After the rain

I haven’t posted on here in a while.  Not because I haven’t had anything to say, but because I haven’t known how to say it.

The last while I haven’t been myself. Or more to the point, I haven’t been how I see myself. And that in itself upset me.

For the last while I’ve been suffering from anxiety. Horrific anxiety.

The anxiety has woven it’s way into my life. It’s icy tentacles have snuck up on me. All of a sudden they have appeared, and snaked into my daily being. Stealthily, sneakily. Knowing that if they had been bold and sauntered in confidently I would not have let them pass. But because they have slowly, insidiously made their way in, I have allowed them to travel into my very being, into my core.

And I hate that. I hate the very fact I let them in. That I allowed them into my soul.

Because once they are in, they are a bugger to get out.

So for a few weeks, it was horrid. It was as if someone else was inside me, taking over my outlook.
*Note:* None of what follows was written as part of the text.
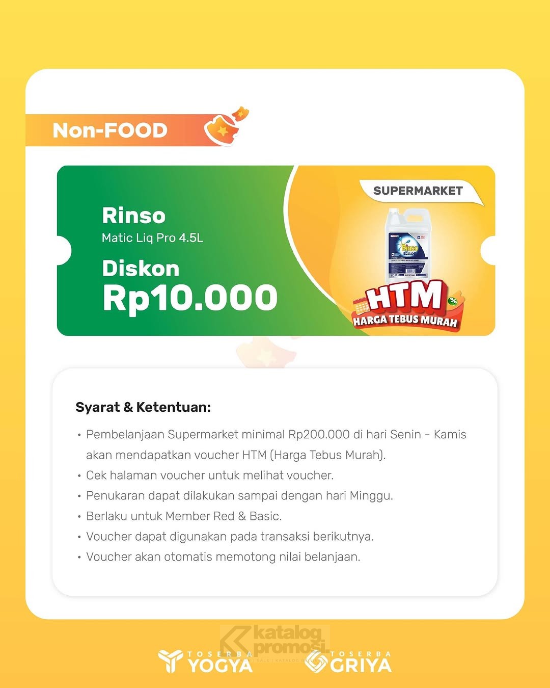 • Berlaku di seluruh outlet TOSERBA YOGYA dan GRIYA selama periode promo.

Changing it from sunshine to black. Making everything negative, and taking the very nucleus of who I am and turning it into someone I didn’t recognise. That every thought was a hostage, each and every thought was taken over by something out of my control. And twisted into something I didn’t recognise, something that wasn’t me.
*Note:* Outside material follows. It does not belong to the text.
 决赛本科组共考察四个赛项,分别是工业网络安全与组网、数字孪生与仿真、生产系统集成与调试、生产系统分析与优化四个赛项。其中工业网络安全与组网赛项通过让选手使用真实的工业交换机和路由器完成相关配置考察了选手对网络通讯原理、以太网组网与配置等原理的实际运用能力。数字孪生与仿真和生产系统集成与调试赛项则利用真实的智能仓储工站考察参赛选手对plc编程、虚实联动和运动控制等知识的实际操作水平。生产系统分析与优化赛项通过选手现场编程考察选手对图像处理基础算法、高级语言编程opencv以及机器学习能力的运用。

Because I’m not like that. I see the positive in everything. I see the sunshine where others see rain. I see the rainbow before it even appears to anyone else. My entire ethos of being is one of positivity and light.

But that disappeared.  And I thought it was gone forever.

And I didn’t know what to do.

I’m the person others rely on to get them out of the hole. To turn them around when they’re feeling shit. So what should I do when I suddenly find myself down that hole too? In the blackness and feeling that icy grip of anxiety around my heart and the loss of confidence that goes alongside it?  All the while hiding the anxiety from everyone around me. Looking at me, talking to me, no one would have known.

It took me a while to realise, it took a good while. I admit, at first, I thought the blackness had won. That I had to lie down and take it. But then I asked myself what I would tell someone else to do in this situation?  What would I say to a friend in this position? I would tell them to take stock, to look around and see all that they are grateful for, to understand that this feeling is not them. That this feeling is temporary. That this shall pass.

And it did.

I admit, I called upon every skill and trick I have learned over the years. I meditated. I breathed. I did self hypnosis. I took walks. I went to the water. I stood barefoot in the grass. I ate clean. I trained hard. I did yoga!

I made a conscious effort to take one step at a time, to get through the hour, two hours, the afternoon, the day. Bit by bit, minute by minute, putting one foot in front of the other.

And I did. 

I got through it. Some days were hard, horrible. I would have a couple of hours feeling great, then all of a sudden, the anxiety would strike without warning. I would be going about my day, feeling fine and then all of a sudden that icy feeling would begin to snake around my belly, climbing to my heart, clutching it in it’s icy embrace and finally making it’s way into my head – filling it with unhelpful thoughts and feelings. It was the incessant negative chatter in my head that was the worst.

For a few days it got worse and worse, building, until finally it reached a crescendo. The noise inside my head became deafening and almost without respite.

Then suddenly, almost as soon as it had begun, it began to dissipate.

The yoga helped. The breathing helped. The getting close to nature helped. The standing ankle deep in the cold water of the loch helped.

I can’t say which out of all the things I tried helped the most. Or if it was all of the things I did. But eventually, the anxiety began to leave.

Slowly, gradually. Not fast enough for me (I’m not the most patient!). But much to my delight, the anxiety began to disappear.

And I became me again.

So why am I telling you this?

Because sometimes being a warrior isn’t about how hard you fight. Or how bloody the battle. It’s about making it out the other side. It’s about putting one foot in front of the other and being bloody minded and fighting through until you find your own way out. And it may take a while, it might take you longer than others, and you may go all around the houses to find the way out. But you will make it out, to taste the sweetness on the other side.

And after the rain, the flowers always smell so sweet.